Almeda, during a Senate hearing, said that since April 28, the province has been “a hundred percent energized.”
Almeda said he asked the Occidental Mindoro Power Corporation (OMPC), the lone power supplier of the Occidental Mindoro Electric Cooperative, to run its 20-megawatt Samarica power plant sans a provisional authority.
“I saw that the plant is there, but it’s not being fired up because of an absence of a provisional authority from the Energy Regulatory Commission (ERC),” he noted.
While OMPC owner Luis Manuel Banzon was initially “hesitant,” Almeda said Banzon later agreed after receiving the go-ahead from Department of Energy Secretary Raphael Lotilla.
The NEA official said only two power plants in the OMPC have provisional authority from the ERC, and both only supply a total of 12 megawatts.
Senator Raffy Tulfo, who heads the Senate Energy Committee, during the hearing asked if this is a mere band-aid solution to the power crisis in Occidental Mindoro.
Almeda said the assurance the NEA can only give the public is in assisting the OMPC in its bid to secure a provisional authority from the ERC for the Samarica power plant.
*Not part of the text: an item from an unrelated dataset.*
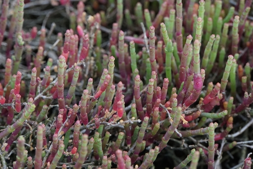 A halophytic plant native to coastal regions, characterized by fleshy, succulent stems and small, scale-like leaves.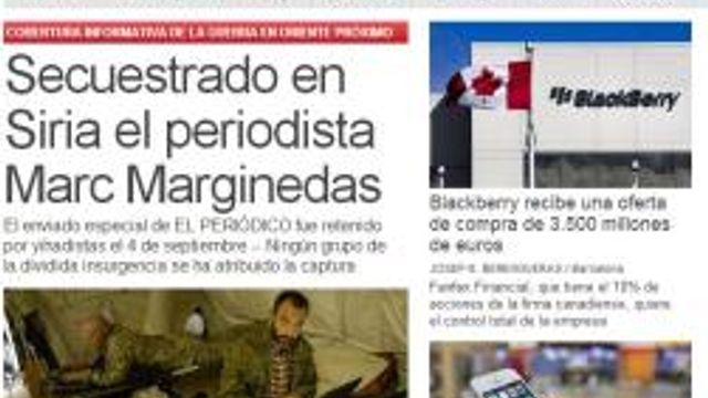 L'inviato speciale in Siria del quotidiano spagnolo El Periodico è stato rapito da un gruppo di ribelli. Lo annuncia lo stesso quotidiano online titolando: "Sequestrato in Siria il giornalista Marc Marginedas". Il reporter si trova nelle mani dei ribelli dal 4 settembre, giorno in cui ha avuto l'ultimo contatto con la redazione. Marginedas stava viaggiando in auto con il suo autista quando è stato fermato da alcuni jihadisti nei pressi di Hama.

ERC chairperson Monalisa Dimalanta said the years-long delay in filing the provisional authority application for the Samarica power plant was due to the OMPC’s seeking environmental and land conversion permits.
After the OMPC applies for provisional authority, Dimalanta said the ERC has 75 days to give them provisional authority,
But, she said, they hope to issue the provisional authority for the Samarica power plant within a month after the OMPC files an application.